▸ **EXERCISE PROMPT**
Return each entry word for word, without its pictures.

▸ **PROVIDED INFORMATION**

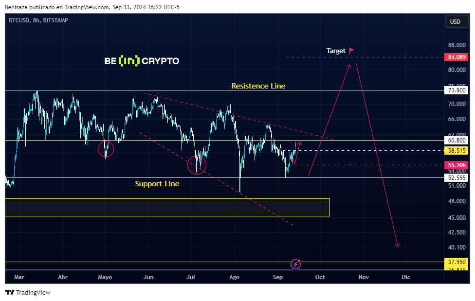 El precio de BTC ahora pondrá a prueba la barrera de los 62,000 dólares, una zona clave que de ser recuperada supone un cambio de tendencia a corto plazo. Esto podría llevar el precio a nuevos máximos históricos entre el mes de septiembre y noviembre de 2024.
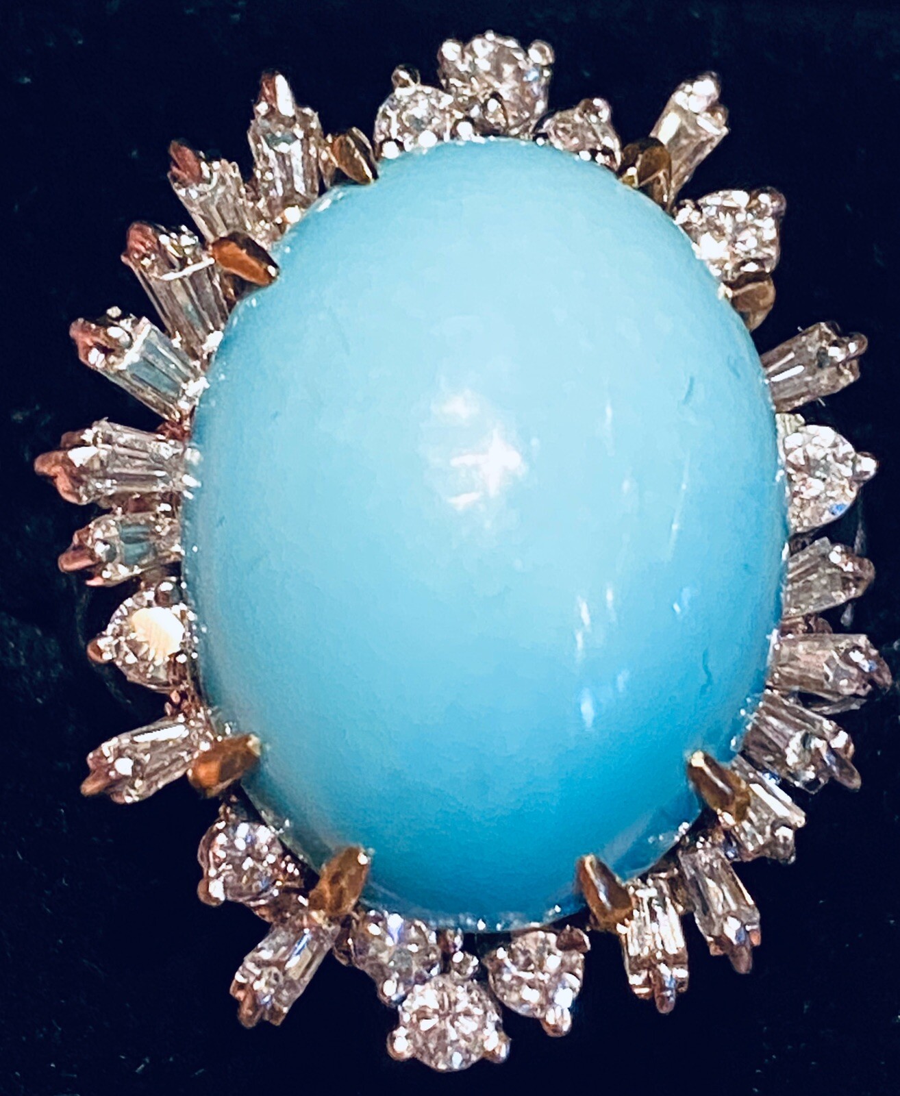 Large Heavy Estate Vintage 14k 25ct Turquoise Diamond Halo Ballerina Ring
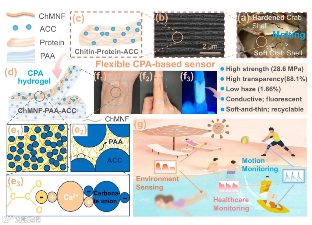 Yamei Zao, Muqiu You, Jieru Ma, Xiaoyu Du, Yongcan Jin, Dagang Li, Zhaoyang Xu, Chuchu Chen*. Synthesis of robust yet flexible and transparent CPA hydrogels inspired by molting crab shells, Green Chem, 2025. DOI: 10.1039/D4GC05711B
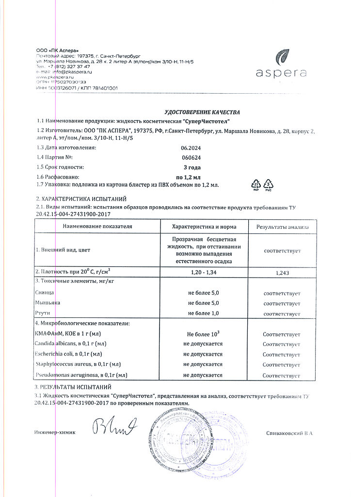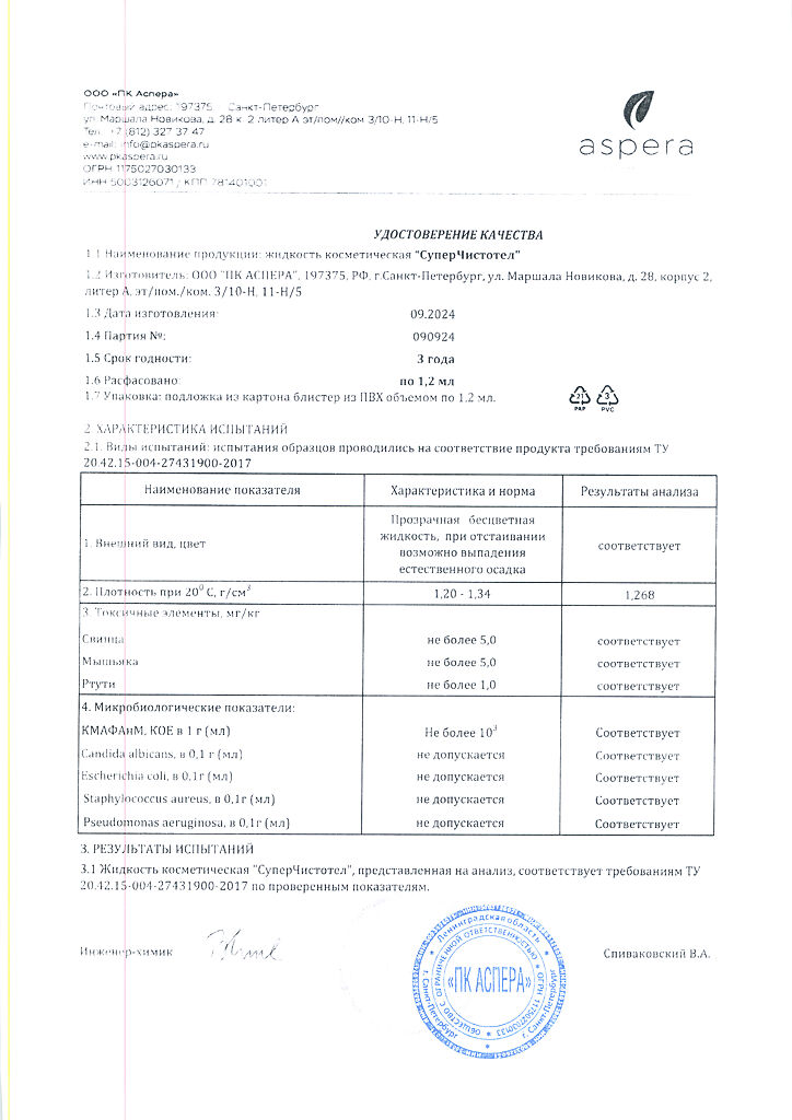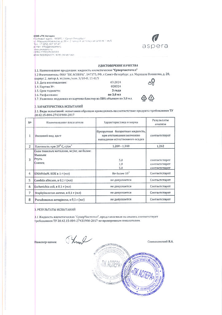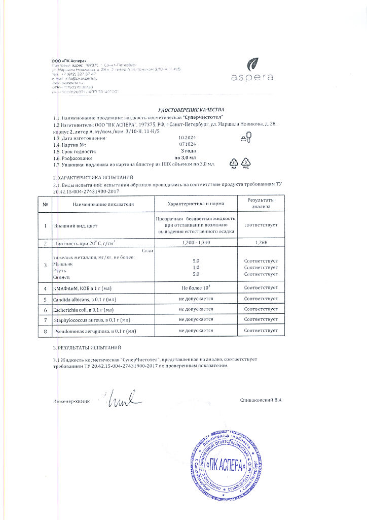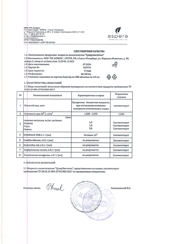 Косметическая жидкость.
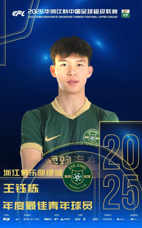 浙江队王钰栋荣膺中超最佳青年球员,这位新星以11粒进球成为本赛季中超本土射手王,他的速度出众、技术精湛,多次在关键比赛中发挥重要作用。重庆铜梁龙球员张志雄获得中甲最佳青年球员,作为一名中场球员,他在攻防两端都展现出重要作用。山东泰山B队的彭啸夺得中乙最佳青年球员,作为一名防守型球员,他能适应场上多个位置,本赛季不仅屡屡做出关键防守,还多次破门;今年下半年他被上调到一线队,并在中超赛场上坐稳主力位置。
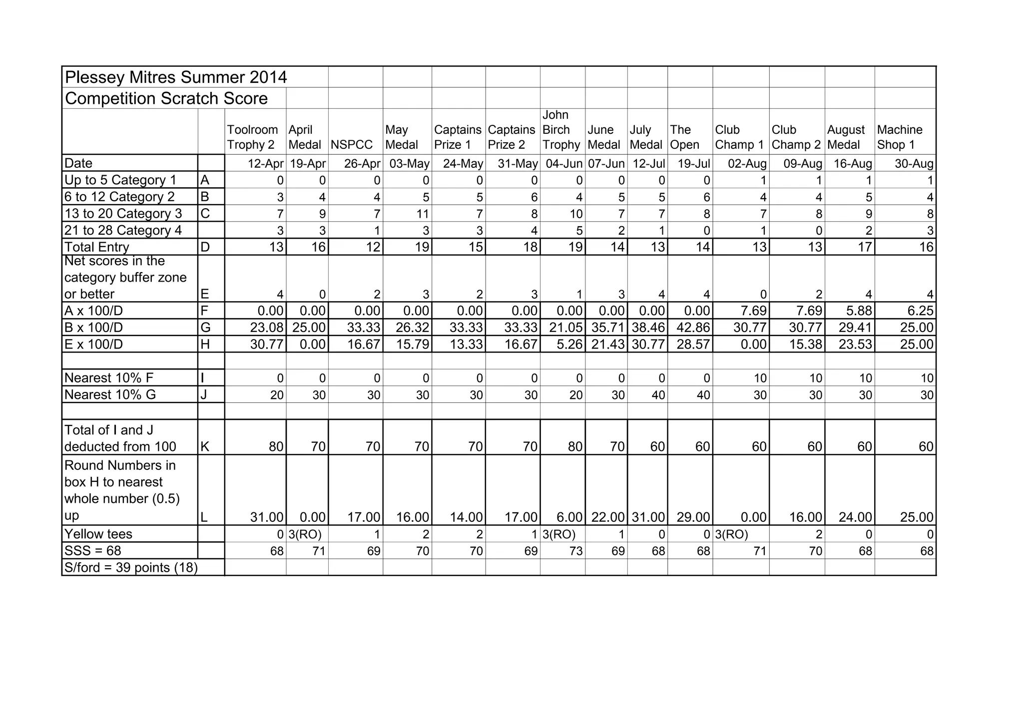 This document summarizes the results of golf competitions held by Plessey Mitres over the summer of 2014. It includes the dates and names of 14 different competitions held between April and November. For each competition, it provides data on the number of participants in different handicap categories, the percentage of scores in certain ranges, and the Stableford and Scratch scores achieved.
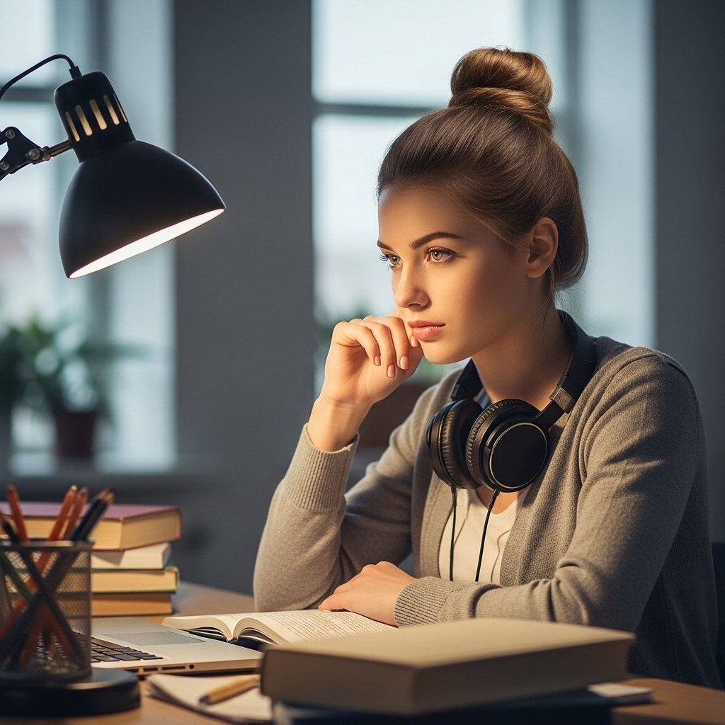 The top knot is trendy, easy to create, and keeps your hair out of the way while studying.
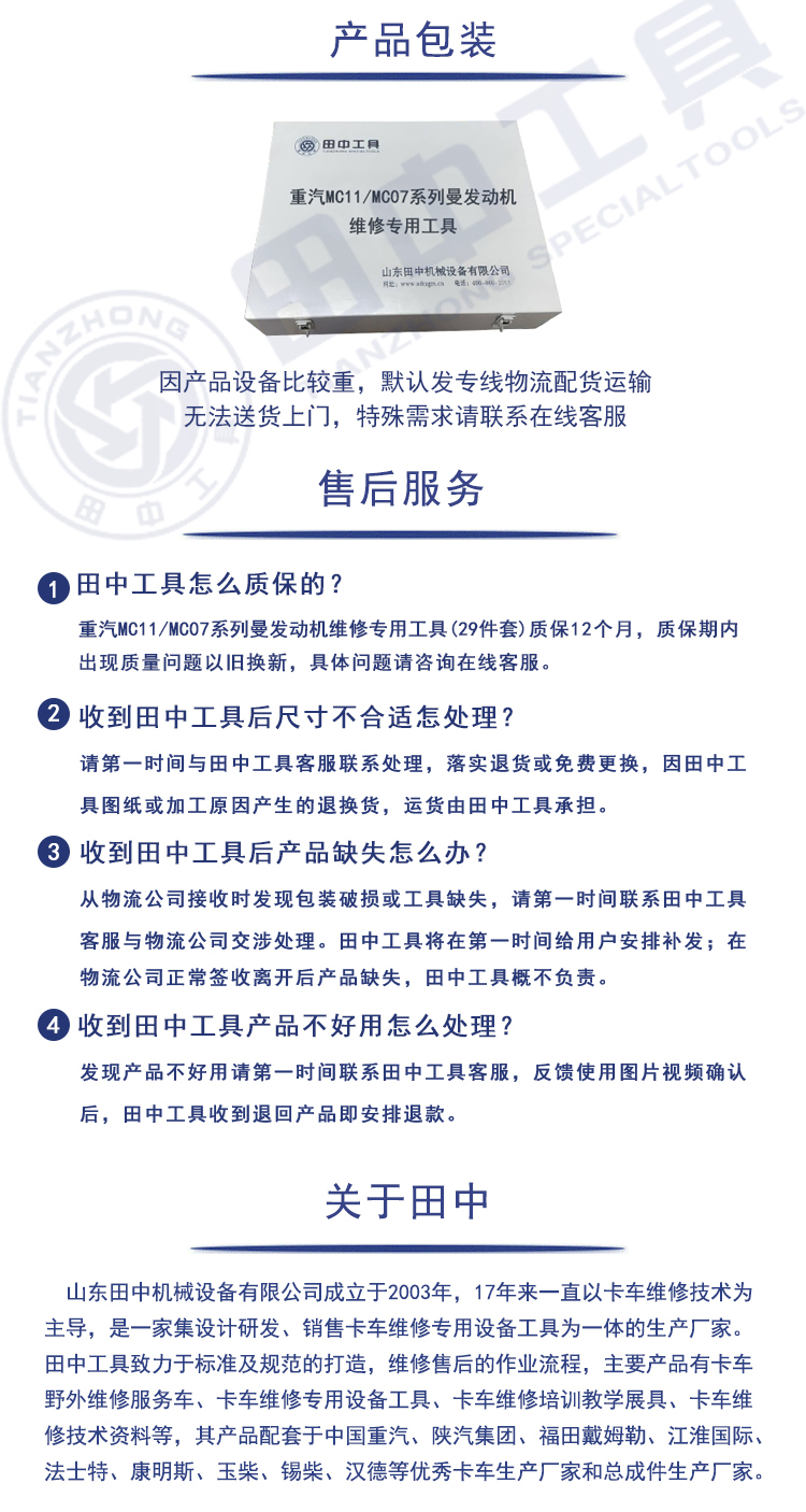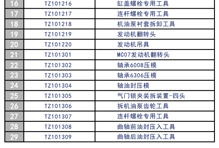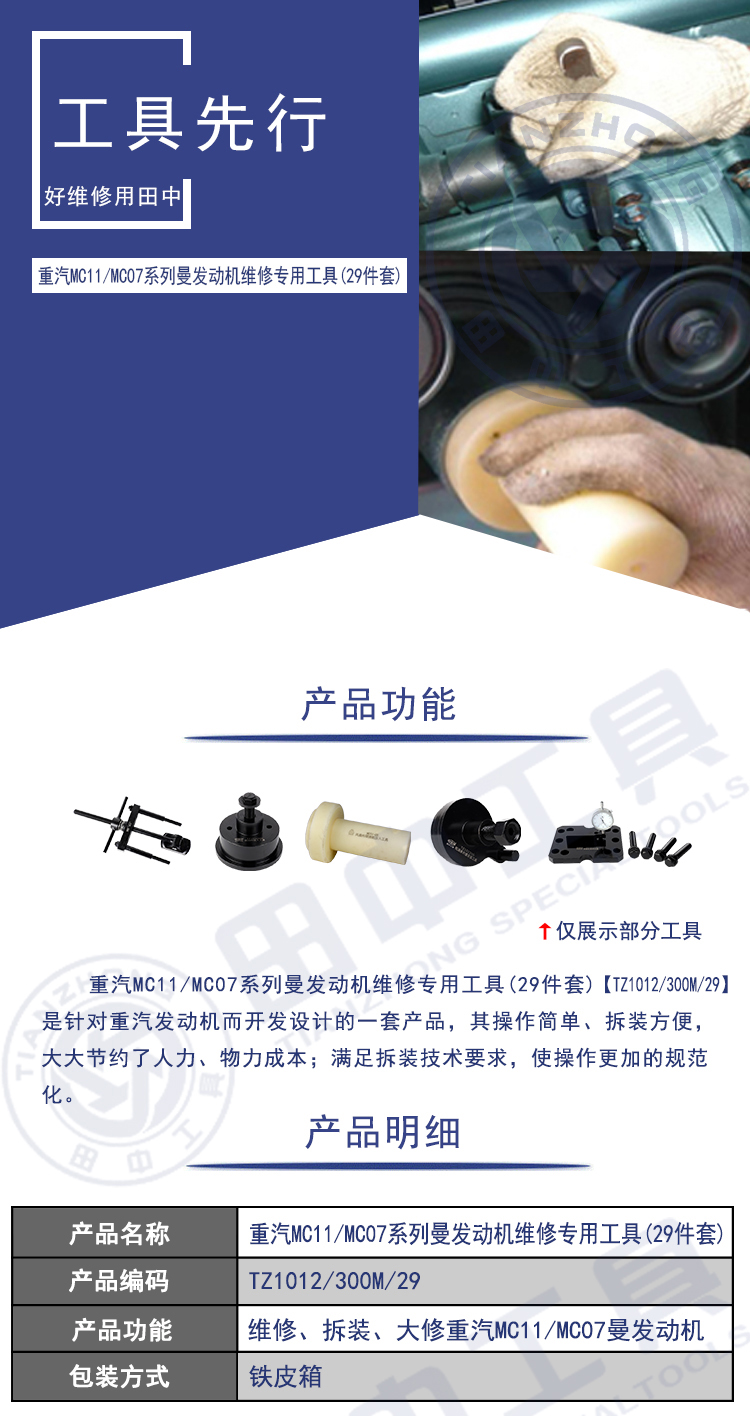 重汽MC07/11系列专用卡车维修工具29件套 田中工具 型号 | TZ1012/300M/29 | ||
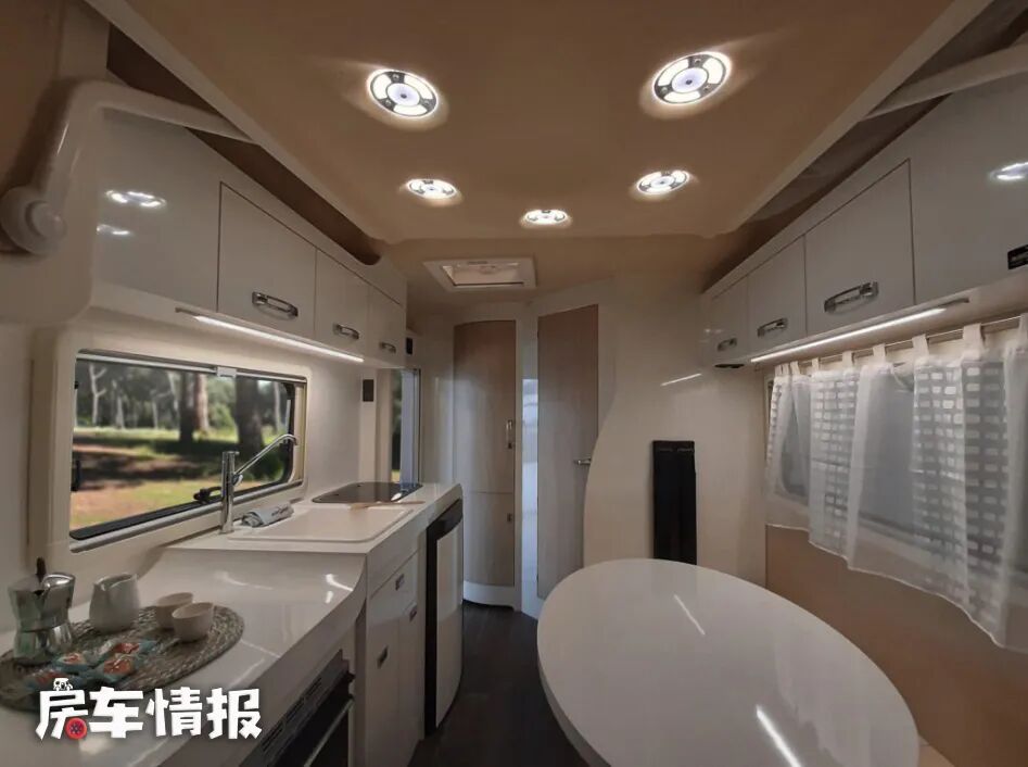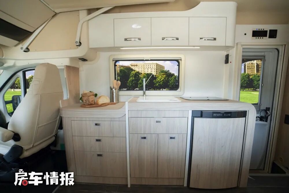 在会客区的对面则是全车的厨房区,提供了长条的厨房操作台,台面上带有洗菜池、燃气灶和备菜区,下方还嵌入了一台车载冰箱,同时还提供了多个储物空间。
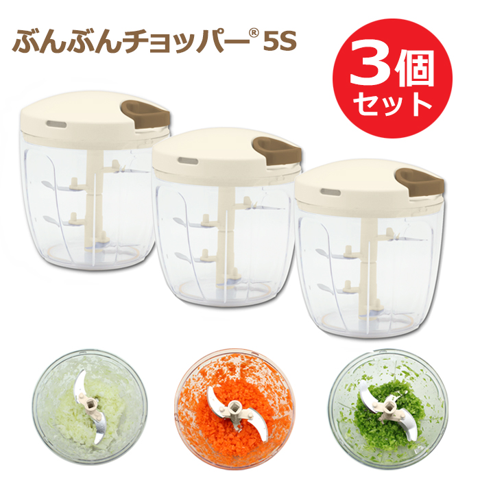 | [3個セット] ぶんぶんチョッパー5S(900ml)×3 保存用ふた×3 混ぜ器×3 レシピ×3 ※レシピ内容は製造時期によって異なります。 |

▸ **RESPONSE AREA**
 El precio de BTC ahora pondrá a prueba la barrera de los 62,000 dólares, una zona clave que de ser recuperada supone un cambio de tendencia a corto plazo. Esto podría llevar el precio a nuevos máximos históricos entre el mes de septiembre y noviembre de 2024.
 Large Heavy Estate Vintage 14k 25ct Turquoise Diamond Halo Ballerina Ring
 Yamei Zao, Muqiu You, Jieru Ma, Xiaoyu Du, Yongcan Jin, Dagang Li, Zhaoyang Xu, Chuchu Chen*. Synthesis of robust yet flexible and transparent CPA hydrogels inspired by molting crab shells, Green Chem, 2025. DOI: 10.1039/D4GC05711B
 Косметическая жидкость.
 浙江队王钰栋荣膺中超最佳青年球员,这位新星以11粒进球成为本赛季中超本土射手王,他的速度出众、技术精湛,多次在关键比赛中发挥重要作用。重庆铜梁龙球员张志雄获得中甲最佳青年球员,作为一名中场球员,他在攻防两端都展现出重要作用。山东泰山B队的彭啸夺得中乙最佳青年球员,作为一名防守型球员,他能适应场上多个位置,本赛季不仅屡屡做出关键防守,还多次破门;今年下半年他被上调到一线队,并在中超赛场上坐稳主力位置。
 This document summarizes the results of golf competitions held by Plessey Mitres over the summer of 2014. It includes the dates and names of 14 different competitions held between April and November. For each competition, it provides data on the number of participants in different handicap categories, the percentage of scores in certain ranges, and the Stableford and Scratch scores achieved.
 The top knot is trendy, easy to create, and keeps your hair out of the way while studying.
 重汽MC07/11系列专用卡车维修工具29件套 田中工具 型号 | TZ1012/300M/29 | ||
 在会客区的对面则是全车的厨房区,提供了长条的厨房操作台,台面上带有洗菜池、燃气灶和备菜区,下方还嵌入了一台车载冰箱,同时还提供了多个储物空间。
 | [3個セット] ぶんぶんチョッパー5S(900ml)×3 保存用ふた×3 混ぜ器×3 レシピ×3 ※レシピ内容は製造時期によって異なります。 |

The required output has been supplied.